Tuesday, April 19, 2016

Oh my heart

It's been a very difficult couple of weeks here. On May 6, we said goodbye to our cat, my first girl, Jezabel.

April 4, 2016
 
It's been an adjustment to living without her. She's been with me my entire adult life. We have been together for 14 years, before the husband, the house, the family.

Fall 2002 I think

We've been through 5 moves together, some more difficult than others, and I'm sad to be revising the plans for our new home to not include the nook for the litter box in the laundry room. I miss her most in the evenings. That was our time. She liked sleeping in, so I didn't always see her in the mornings during the flurry of activity involved in just getting out the door unless the water bowl needed attention. She would just sit next to it patiently and look at me until I got the message. But in the evenings, when the little ones are safely upstairs and we've settled onto the couch, she would always jump up to me for some lap time. Always me, almost every night, almost completely unbothered by whatever activity I was doing. I often commented that she must be broken, as there could be yarn draped right on her head and knitting needles nearly poking her in the eye, and she would just keep snuggling (at least this was true in the second half of her life - she wasn't super snuggly in the early days!).

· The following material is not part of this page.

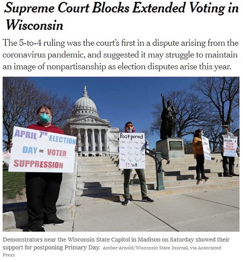 Mới đây, Tòa Tối Cao Liên Bang Mỹ đã buộc dân của bang Wisconsin phải đi trình diện tại chỗ để bỏ phiếu, và không cho phép dành thời giờ để bỏ phiếu bằng thư qua bưu điện - cho dù đại dịch Covid-19 đang xảy ra - và việc tụ tập đông tại phòng bỏ phiếu có thể gây nguy hiểm cho tính mạng của họ !

I adopted her from a local humane society when she was maybe about a year old when I was the ripe old age of 19.





I was a baby myself, so naive. I wanted a little something to love, to take care of, to keep me company. I suppose I was trying to make a family, and thank goodness I was bright enough to fulfill that desire with a pet. I wasn't, and still am not, a cat person. I wanted a dog, but they weren't allowed in the condo where I was living. Cats weren't either, but I rationalized that she would be easier to hide than a dog. In the end, she would always sit behind the blinds overlooking the courtyard, so she was a rather terribly kept secret. She didn't like to be held at all, and only sort of tolerated petting, but I thought she was so pretty so I brought her home with me. (that's a really dumb reason to choose a pet, but 19) In fact she was so mean that I named her Jezabel.....because I thought that it meant devil. Apparently I wasn't real up to snuff on my history, because that is NOT what Jezabel means. It's also not even the right spelling of the word! However, she DID have a habit of laying on her back spread eagle so....the name stuck.

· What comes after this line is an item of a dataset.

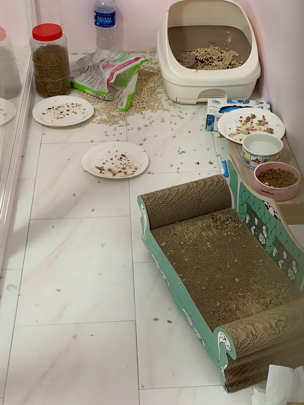 7.30am: disaster. They play w the spare litter. All over the floor. they will circle me for some time till they know I’m bz clearing the floor and they wait one side.

One of the most surprising things about her, is that while she would have no problem giving me a nip, or that crazy habit she used to have of ninja bombing your feet as you walked, she was always so good with kids. I once babysat for a little 2 year old girl, who would inadvertently whack her over the head with her little fishing pole feather toy, and J was utterly complacent through all of the abuse.



We've always taken care to emphasize "gentle touches," but you can't always intercept the sudden tug of fur or a tail. She never even hissed, and there were certainly occasions where a firm nip was well deserved!


 


I'm 33 now, and a completely different person. Maybe not completely, but I've definitely done a lot of growing up in that time, and she was there for it, through all the changes. I even eventually stopped torturing her with outfits for the high holidays.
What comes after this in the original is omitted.